Description of the task: A verbatim copy of the listing is needed; pictures are to be left out.

╭─ Data excerpt

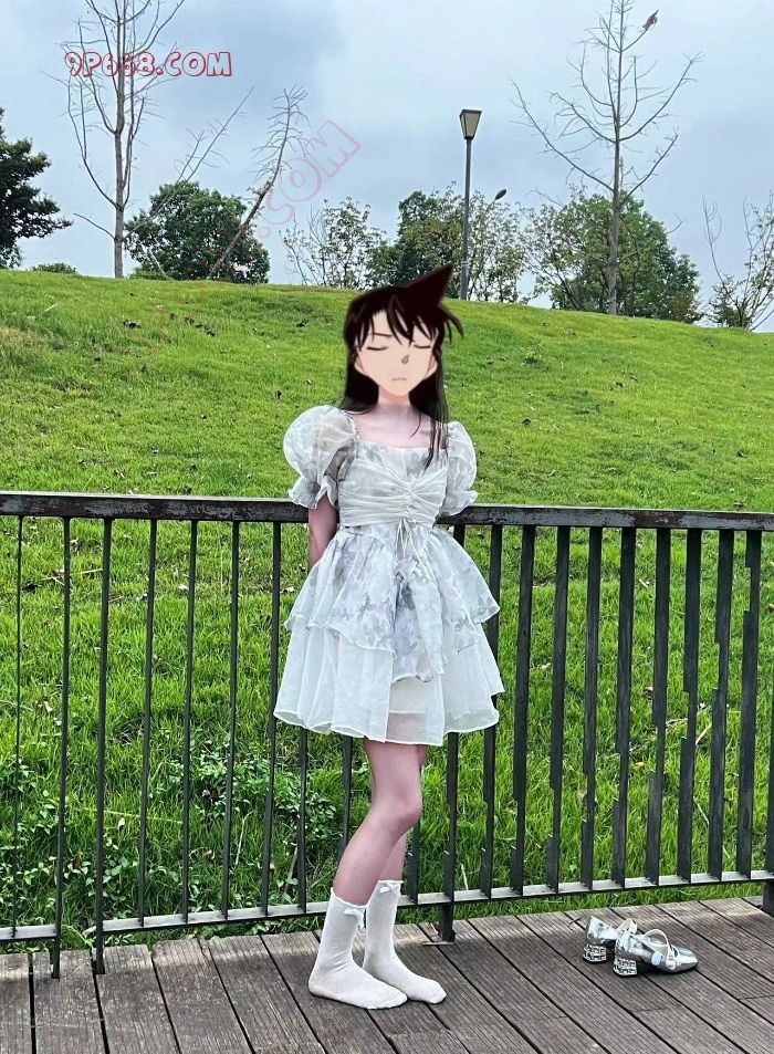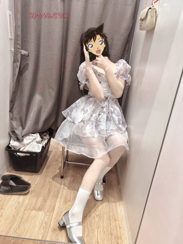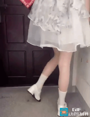 然后穿上肉丝白袜,穿上可爱的公主鞋准备出门了
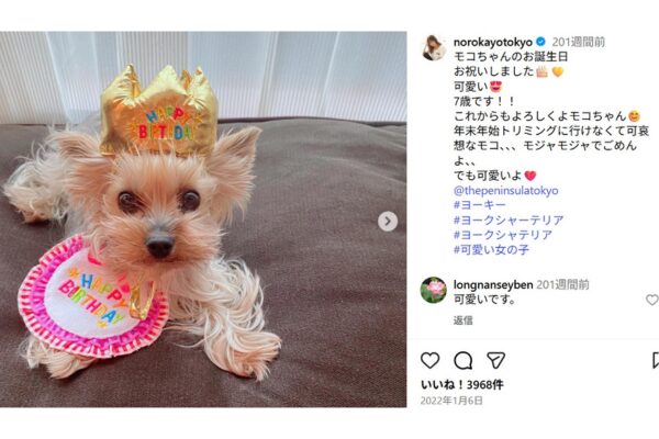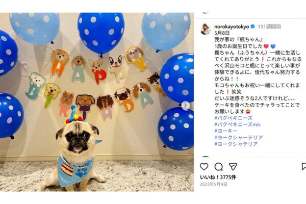 野呂佳代さんのInstagramには、モコちゃんの誕生日である1月5日の翌日に、「お祝いしました」とかわいい写真の投稿がありました。
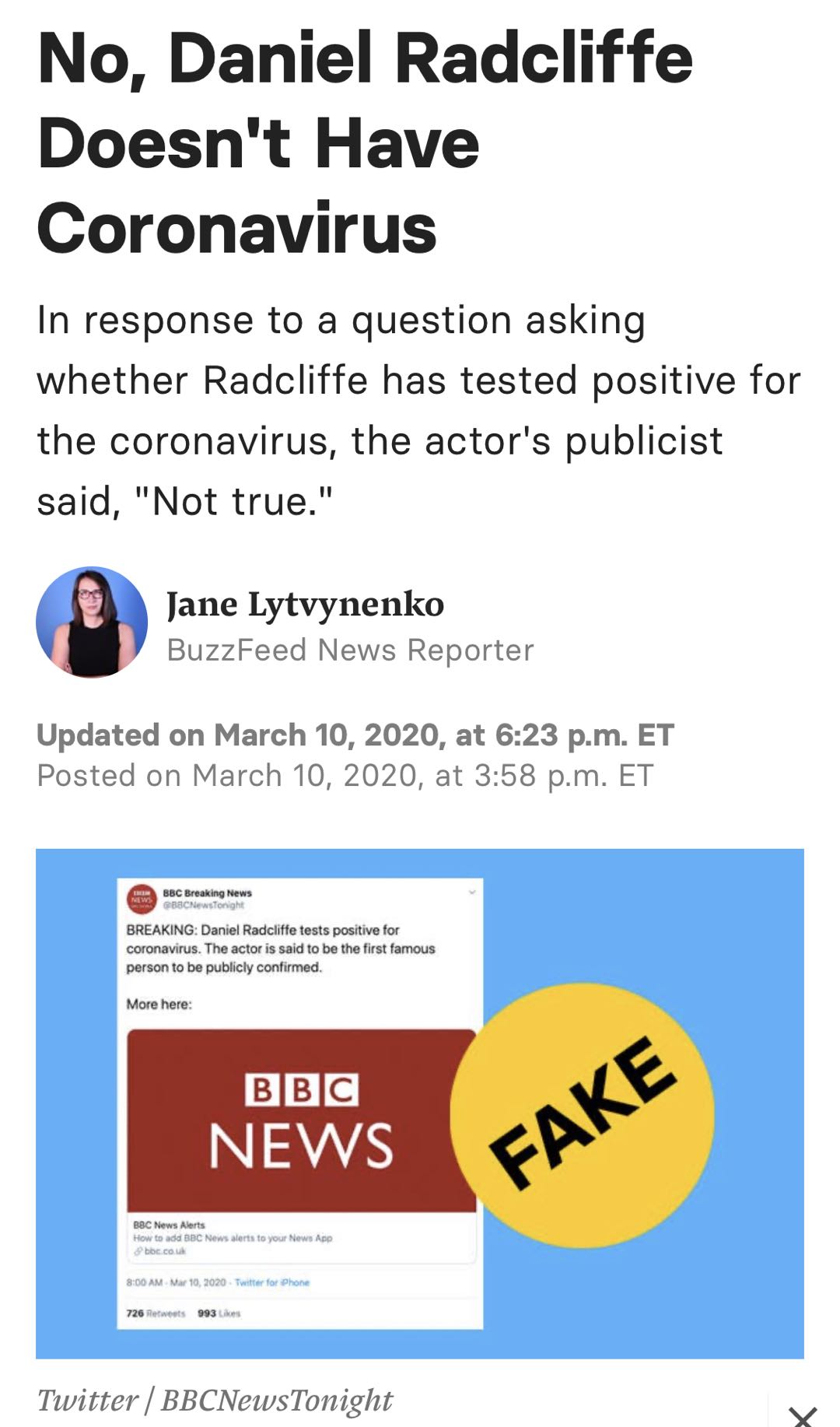 一个名为《BBC Breaking News》的帐号在日前PO出“新闻”,声称丹尼尔·雷德克里夫确诊新冠肺炎,“这位演员是第一个被公开证实(感染)的名人。”虽然这个帐号只有100多位追踪者,但这则“新闻”在几小时内就被转发了700多次,还有超过1000人点赞,引起关注。
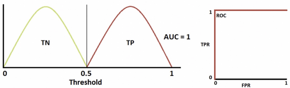 - 완벽한 모델 (AUC는 ROC Curve 아래의 면적 → 1에 가까울수록 좋음. 직선인 경우인 0.5보다 커야함.)

╰─

Solution to the exercise:
 然后穿上肉丝白袜,穿上可爱的公主鞋准备出门了
 野呂佳代さんのInstagramには、モコちゃんの誕生日である1月5日の翌日に、「お祝いしました」とかわいい写真の投稿がありました。
 一个名为《BBC Breaking News》的帐号在日前PO出“新闻”,声称丹尼尔·雷德克里夫确诊新冠肺炎,“这位演员是第一个被公开证实(感染)的名人。”虽然这个帐号只有100多位追踪者,但这则“新闻”在几小时内就被转发了700多次,还有超过1000人点赞,引起关注。
 - 완벽한 모델 (AUC는 ROC Curve 아래의 면적 → 1에 가까울수록 좋음. 직선인 경우인 0.5보다 커야함.)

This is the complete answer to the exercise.